- [DIRECTIONS]: In the entries below, which lines run from the one containing "Rhein KM 644." to the one containing "Un nouveau rassemblement"? Copy exactly those lines, ends included, and no others.

- [WORKING DATA]:
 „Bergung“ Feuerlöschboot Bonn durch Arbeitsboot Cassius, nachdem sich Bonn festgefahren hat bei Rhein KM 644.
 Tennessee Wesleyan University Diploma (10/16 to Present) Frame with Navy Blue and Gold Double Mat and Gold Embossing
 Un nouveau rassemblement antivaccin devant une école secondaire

...

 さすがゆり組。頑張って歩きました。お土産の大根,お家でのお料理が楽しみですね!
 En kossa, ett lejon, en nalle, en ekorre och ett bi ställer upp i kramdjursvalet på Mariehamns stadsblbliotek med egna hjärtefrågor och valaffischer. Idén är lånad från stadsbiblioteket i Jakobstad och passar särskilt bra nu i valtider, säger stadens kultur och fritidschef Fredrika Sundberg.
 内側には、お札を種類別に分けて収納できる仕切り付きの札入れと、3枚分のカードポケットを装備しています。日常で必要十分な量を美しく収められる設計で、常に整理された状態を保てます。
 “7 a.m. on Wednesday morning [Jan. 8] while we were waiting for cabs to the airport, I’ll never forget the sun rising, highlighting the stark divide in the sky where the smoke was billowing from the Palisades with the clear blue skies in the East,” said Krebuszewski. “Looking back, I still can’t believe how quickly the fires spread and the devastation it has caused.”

- [ANSWER SECTION]:
 „Bergung“ Feuerlöschboot Bonn durch Arbeitsboot Cassius, nachdem sich Bonn festgefahren hat bei Rhein KM 644.
 Tennessee Wesleyan University Diploma (10/16 to Present) Frame with Navy Blue and Gold Double Mat and Gold Embossing
 Un nouveau rassemblement antivaccin devant une école secondaire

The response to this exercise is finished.